Madison County held two special collections in late April and was able to recycle nearly 17,000 pounds of TVs and computer monitors. Many of the devices collected were very old and collecting dust, the county said.
"They don't get rid of them that soon. They just stick them in the corner, down in the basement, because frankly what do I do with it," said Madison County Recycling Coordinator Mary Bartlett.
The county is trying to prompt people to properly dispose of their electronics with four more special collections.
"With any recycling, it has to be convenient and pretty easy for people to do," Bartlett said.
The county already bans electronics from their landfill, but on Jan. 1, no one in New York State will be allowed to throw away electronics.
"Now is the time to get them out of the waste stream, get them out of your homes and recycle them so we can properly handle them because I'm afraid there will be a glut come January 1,” said Jim Zecca the Director of Madison County Solid Waste. “Could you imagine New York City kicking into the program? Right now they're recycling a fraction of what's out there."
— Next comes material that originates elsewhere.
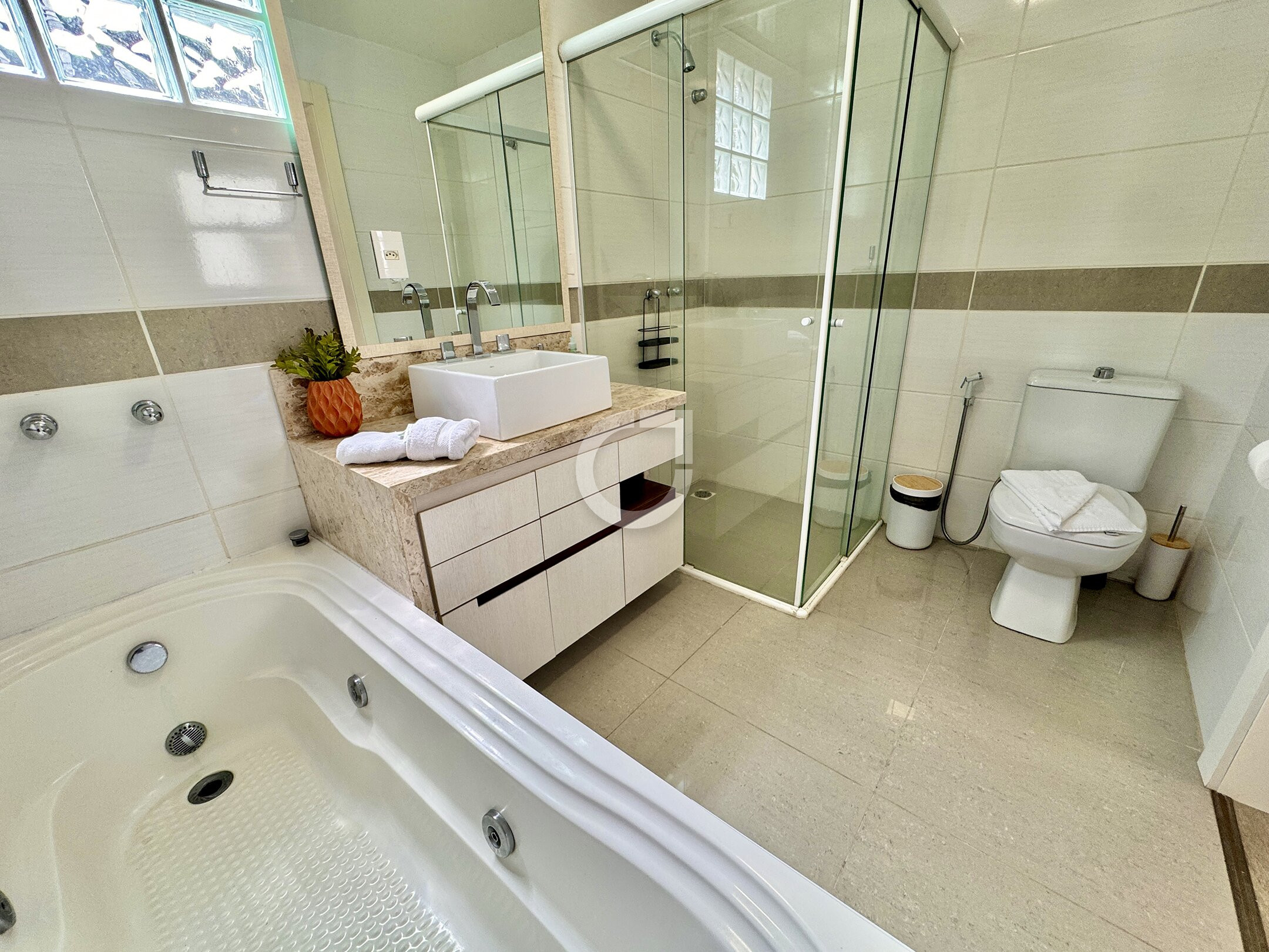 - Suíte com móveis planejados, hidro e ar condicionado;

The glass in old TV monitors contains lead and many of the electronics inside are toxic as well. The county ships the recycled electronics to the non-profit, LoJo's in Oneida, which holds them for a Rochester company, which then takes them and eventually sends them overseas .
"To Amsterdam actually where they recycle them, but we have no facilities in New York State right now that actually recycle CRT glass, so it's a problem," Zecca said.
Which is why Zecca says while there is still an available outlet to recycle them, people should.
The county has a collection event on Saturday in Cazenovia and one on Monday in Canastota.